Выйдя на улицу, ребята увидели у скамейки трёх мальчишек. Они были постарше тех, что увязались за ними, днём. Постриженные, но с чёлками. И в длинных разноцветных трусах. Но такие – же загорелые, как негры на картинке.

– Сәлем! – вдруг выпалил Борька, чем привел гостей в замешательство.

– Сәлем! – со скамьи спрыгнул худощавый мальчик и протянул Борьке руку, – давайте знакомиться. Я видел, как вы вчера приехали. Сказали, что с самой Украины. Это где?

– Не знаю. На Донбассе, наверное. У нас папка на шахте работал. А меня Борька зовут!

– Борка? Жақсы. Бауржаном будешь. А братишку как зовут? Валера? Понятно. Валиханом будет! Да вы не бойтесь, пацаны у нас хорошие, зря не обидят. Меня Талгатом зовут. А его вот Булатом. А этого Сериком.

– Серик! – прыснул от смеха Валерка, за что тут же получил подзатыльник от Борьки.

– Жақсы! – вдруг опять выпалил Борька, – а мы думали, что по – русски никто здесь не разговаривает.

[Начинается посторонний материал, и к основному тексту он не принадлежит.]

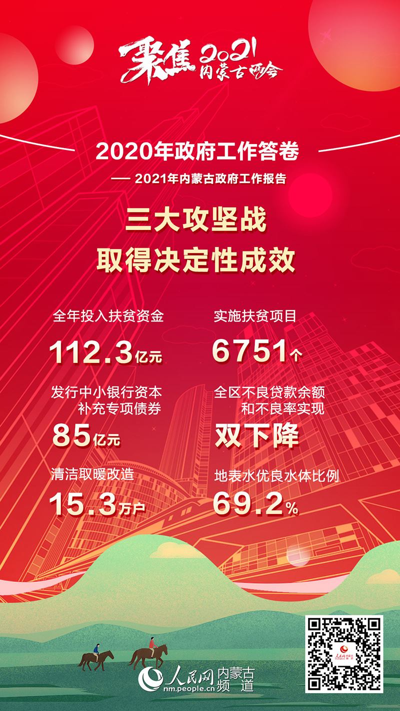 1月26日上午,內(nèi)蒙古自治區(qū)十三屆人大四次會(huì)議在內(nèi)蒙古人民會(huì)堂開幕。自治區(qū)主席布小林作政府工作報(bào)告。2020年是極不平凡的一年,內(nèi)蒙古緊扣全面建成小康社會(huì)目標(biāo)任務(wù),堅(jiān)持穩(wěn)中求進(jìn)工作總基調(diào),堅(jiān)持以人民為中心,科學(xué)統(tǒng)籌疫情防控和經(jīng)濟(jì)社會(huì)發(fā)展,扎實(shí)做好“六穩(wěn)”工作,全面落實(shí)“六保”任務(wù),全區(qū)經(jīng)濟(jì)持續(xù)回穩(wěn),社會(huì)大局和諧穩(wěn)定,“十三五”規(guī)劃順利收官。2020年政府工作有哪些亮點(diǎn)?看內(nèi)蒙古書寫這份精彩答卷!
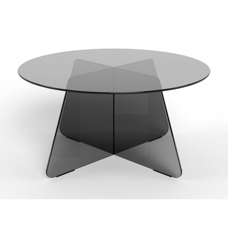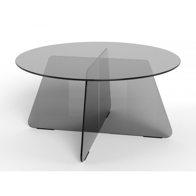 Ten okrągły stolik kawowy, wykonany z przydymionego szkła hartowanego, zachwyca połączeniem minimalistycznej elegancji i harmonijnej symetrii. Jego blat oraz podstawa tworzą spójną całość, nadając meblowi wyjątkową lekkość wizualną, która optycznie powiększa przestrzeń i doskonale komponuje się z nowoczesnym wystrojem wnętrz.

– Это малышня не разговаривает. У нас в посёлке русская школа. И казаков много. Вот ты, в каком классе будешь учиться? Во-втором? Да и я во-втором. И Талгат во-втором. Серик в первый класс только пойдет. А Валихан в каком классе будет учиться?

– Какой Валихан? А, Валерка, что-ли? Так ему только шесть лет осенью будет.

– А давайте на наше место пойдем. Здесь рядом, у колодца. Там хорошо, прохладно. Мы там, в «пятнашки» играем. И лянгу бьём.

Действительно, у колодца было прохладно. Три больших, толстых вяза, своей листвой, закрывали целую полянку, образовав зелёный большой шатёр. Играющие на полянке мальчики, по очереди подходили к Борьке и называли своё имя. Борька ни одного имени не запомнил. Да и то, что говорили друг другу мальчишки, тоже ничего не понимал.

– Как они знают, о чём говорят, – пытал Валерка, когда они возвращались домой, – и почему они меня Валиханом называют? Это так дразнют, чи шо?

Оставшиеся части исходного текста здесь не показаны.